**WHAT THE EXERCISE ASKS**
Exclude the pictures, then restate exactly each line of the data below from the first through the line containing "Unser gemütliches und".

**RECORDED DATA**
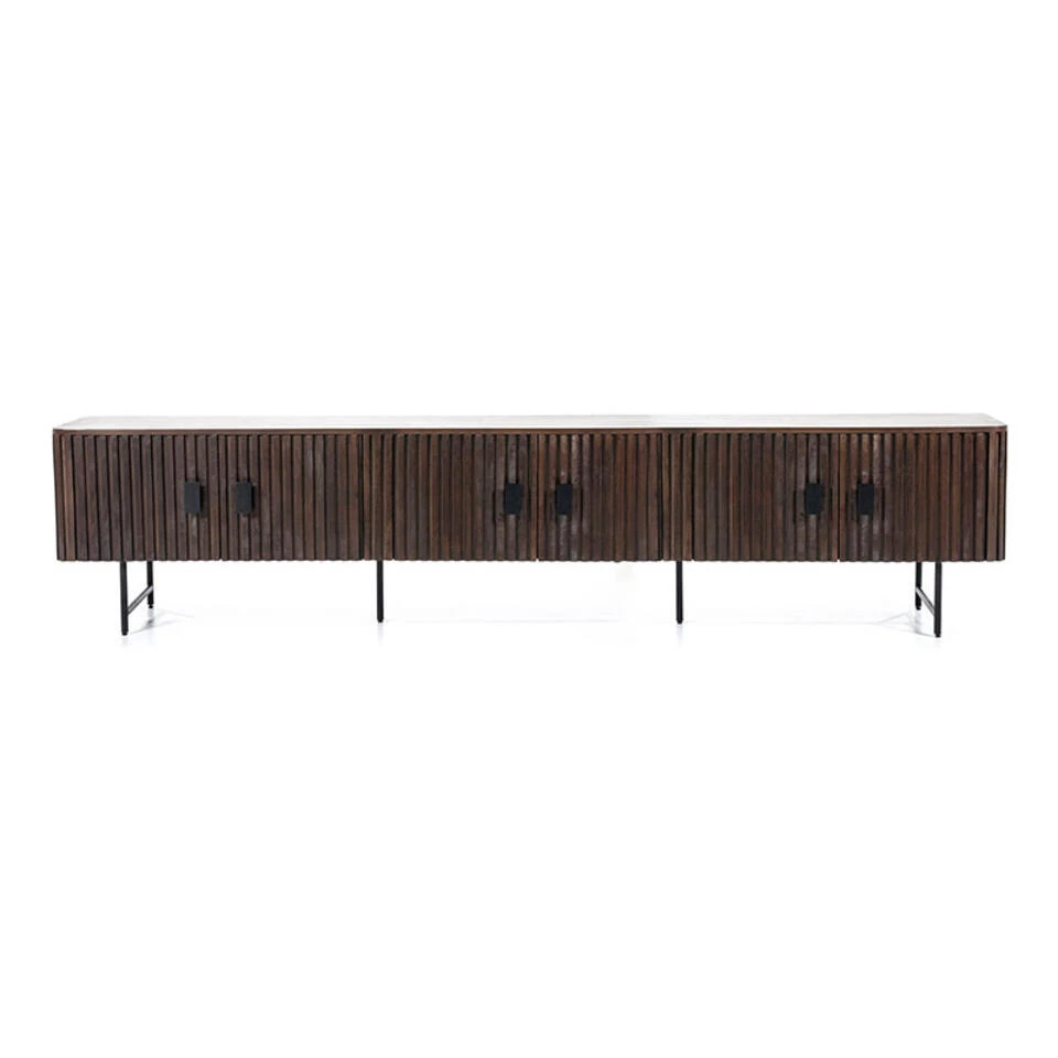 De lamellen in de deuren zijn een bijzondere eyecatcher. Het is een puur staaltje van vakmanschap. Mangohout is een sterke houtsoort. Als je dit combineert met metalen elementen, zoals in deze kast, dan krijg je een oerdegelijk meubel. Twijfel niet, deze kast zal nog jaren dienstdoen in je woning!
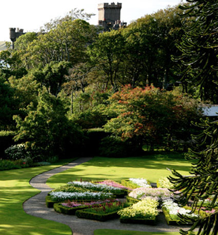 Los jardines, más interesantes que la propia edificación, tienen su origen en el siglo XVIII a partir de un pequeño bosque autóctono y forman un oasis de vegetación frondosa que contrasta con el paisaje de páramo y praderas recubriendo colinas y montes, que dominan el paisaje de Skye.
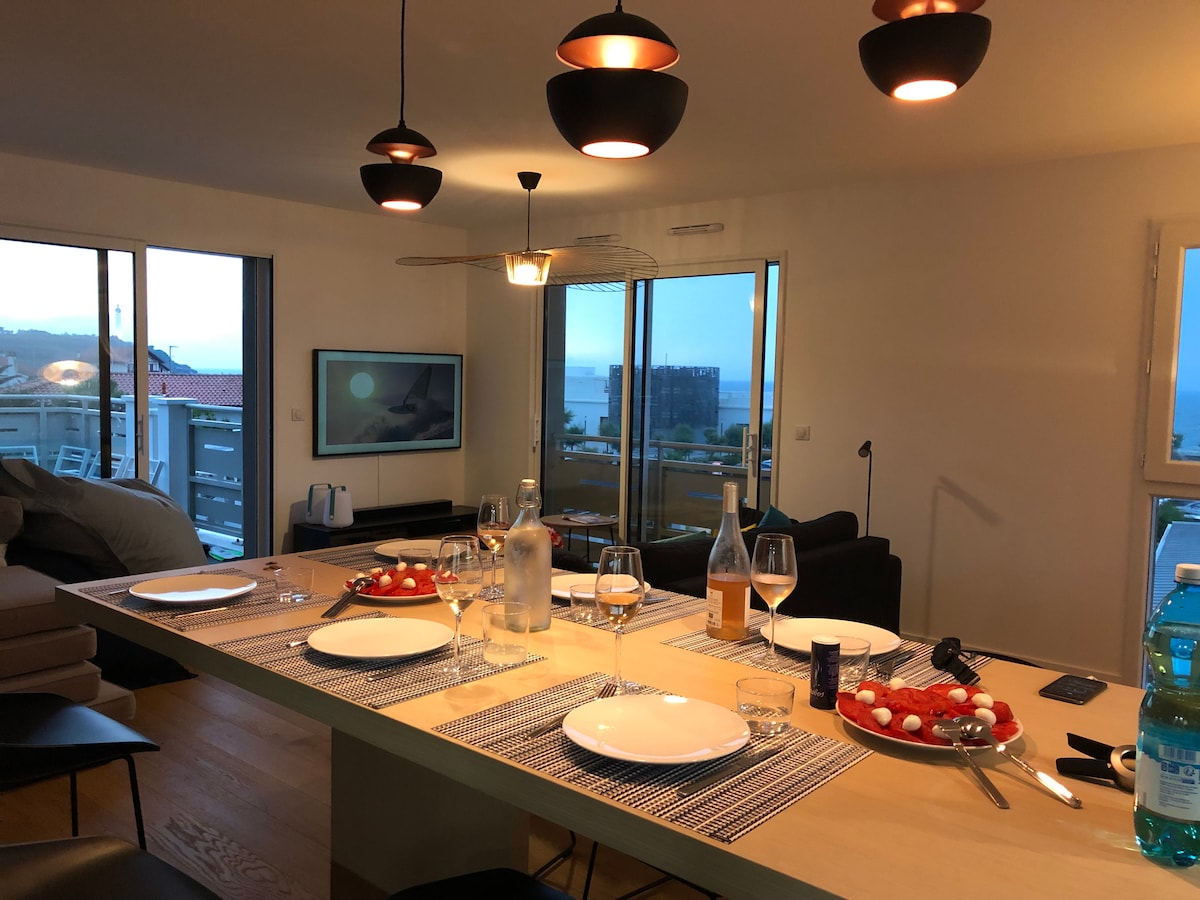 歡迎來到這間獨特的公寓,位於五樓,有電梯,俯瞰世界著名的衝浪目的地Hossegor的中央海灘。 可直接前往海灘,附近有很多餐廳,步行即可抵達商店,距離市中心也很近,一切都為您提供無憂無慮的住宿體驗。 所有照片都是從公寓拍攝的。享受獨特的度假,欣賞壯麗的海景。
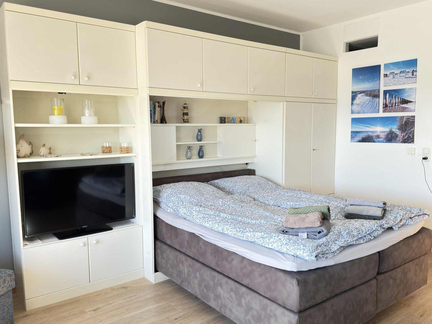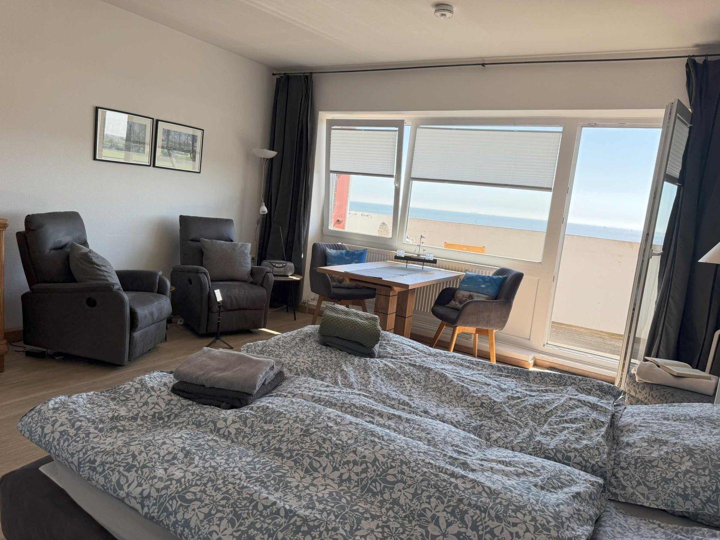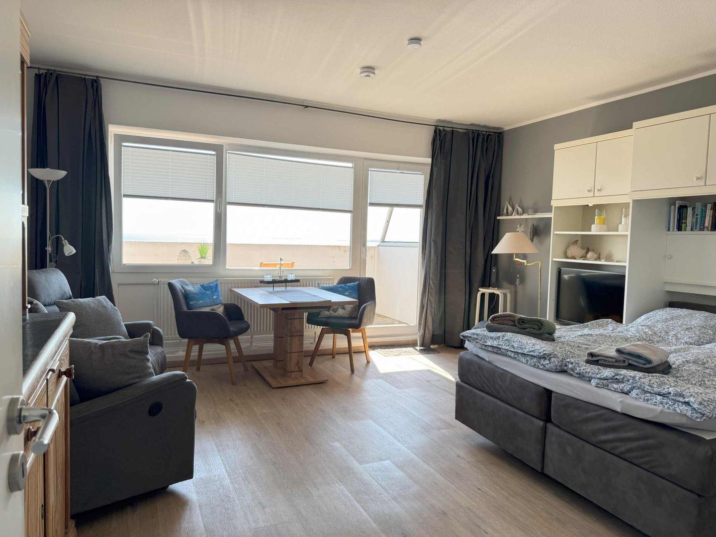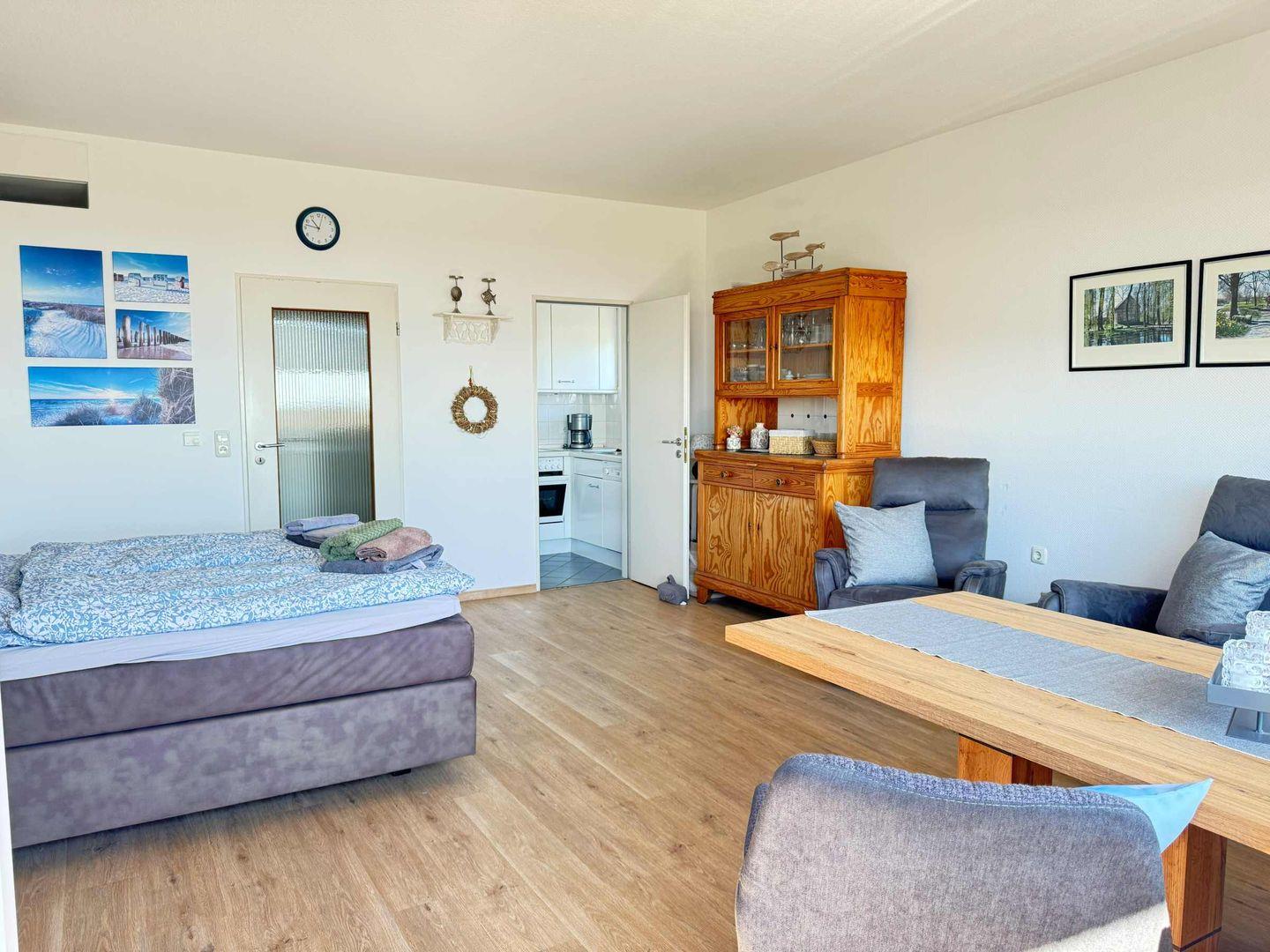 Unser gemütliches und hell eingerichtetes Appartement bietet einen traumhaften Ausblick auf den Yachthafen und auf die Nordseeküste. Das Einzimmerappartement ist ca. 40 qm groß und eignet sich für 2 Personen. Die Schlafgelegenheit ist ein Boxspringbett. Die Ferienwohnung ist rauchfrei. Wir bitten um Verständnis, dass das Mitbringen von Haustieren nicht gestattet ist.
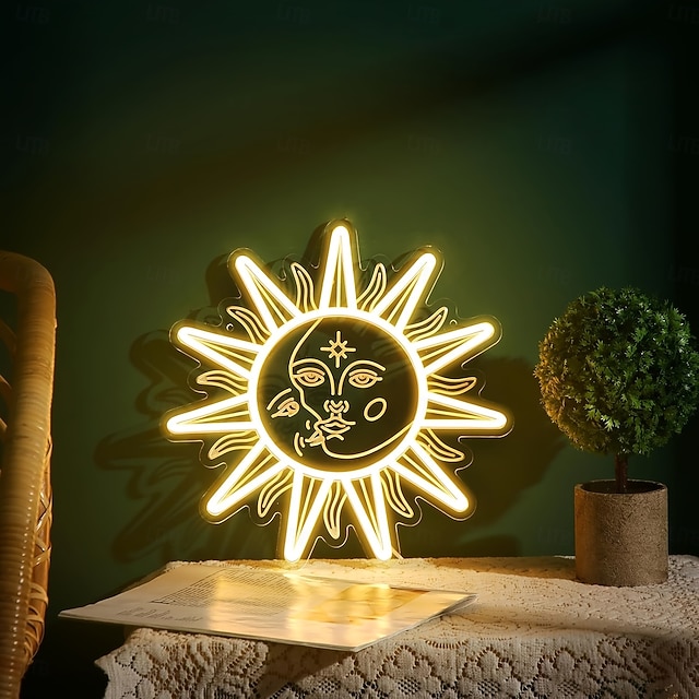 Letrero de pared LED de neón con diseño de sol y luna, luz cálida, alimentado por USB, regulable, 32x32 cm, lámpara LED decorativa para dormitorio, sala de estar, sala de juegos, fiesta, bar, cueva de#12179527

**ANSWER**
 De lamellen in de deuren zijn een bijzondere eyecatcher. Het is een puur staaltje van vakmanschap. Mangohout is een sterke houtsoort. Als je dit combineert met metalen elementen, zoals in deze kast, dan krijg je een oerdegelijk meubel. Twijfel niet, deze kast zal nog jaren dienstdoen in je woning!
 Los jardines, más interesantes que la propia edificación, tienen su origen en el siglo XVIII a partir de un pequeño bosque autóctono y forman un oasis de vegetación frondosa que contrasta con el paisaje de páramo y praderas recubriendo colinas y montes, que dominan el paisaje de Skye.
 歡迎來到這間獨特的公寓,位於五樓,有電梯,俯瞰世界著名的衝浪目的地Hossegor的中央海灘。 可直接前往海灘,附近有很多餐廳,步行即可抵達商店,距離市中心也很近,一切都為您提供無憂無慮的住宿體驗。 所有照片都是從公寓拍攝的。享受獨特的度假,欣賞壯麗的海景。
 Unser gemütliches und hell eingerichtetes Appartement bietet einen traumhaften Ausblick auf den Yachthafen und auf die Nordseeküste. Das Einzimmerappartement ist ca. 40 qm groß und eignet sich für 2 Personen. Die Schlafgelegenheit ist ein Boxspringbett. Die Ferienwohnung ist rauchfrei. Wir bitten um Verständnis, dass das Mitbringen von Haustieren nicht gestattet ist.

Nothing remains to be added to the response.